There's a common perception that you can never achieve a 10X productivity boost over the state of the art. I don't believe that thinking at all. At some point, we stopped framing houses with hammers and started using nail guns. They were easily many times as productive. If you needed to build a very simple application requiring two phased commit and hard core object relational mapping with Ruby, you'd have to write all of the infrastructure yourself. Java could easily be many times as productive. And if you used Java plus servlets in the early years, you might well have achieved a multiple in productivity over C++.
Quite simply, Java is not an ideal applications langauge, and there are certainly languages that operate at a much higher level of abstraction. Ruby on Rails is what happens when you take one of those languages, challenge long-standing assumptions, and apply the result pragmatically to a problem space that is, quite frankly, lacking a good set of frameworks.

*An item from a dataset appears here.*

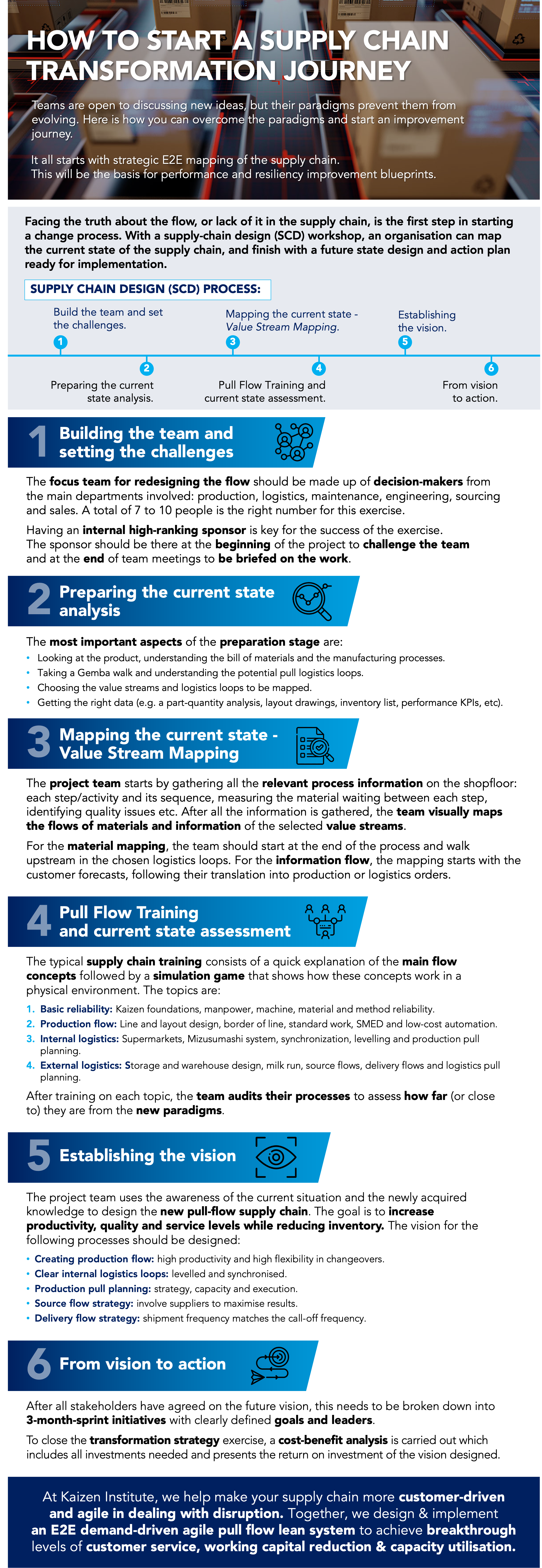 Due to the recent disruptions taking place, supply chain transformation is at the top of the leaders’ agenda. Organizations aim for more resilient operations that can adjust to future impacts on global markets and keep businesses running profitably. However, teams’ paradigms and current ways of working hold them down from envisioning a better operation framework. To kick-off this journey, we lay-out the first steps for a supply chain transformation:

To me, the big surprise with Ruby on Rails is not productivity. In fact, there have long been more productive languages. Academics understand that functional languages are often more productive than Java, and Ericson has 20 years of research showing that functional languages and Erlang in particular are much better fits for distributed, concurrent programming. Seaside is rewriting the way we handle state with web applciations, and most programmers say it's many more times as productive as Java.
The thing that's happening here is this:
one of those languages is accumulating critical mass, as we speak. You've got marketshare and radical productivity in the same package. Re. management, surely you understand that other LAMP-oriented frameworks use a similar deployment philosophy? While the state of the art is nowhere near as advanced as the situation in Java, it is far better than you imply. With Capestrano, I actually find it easier to manage the depolyment of applications.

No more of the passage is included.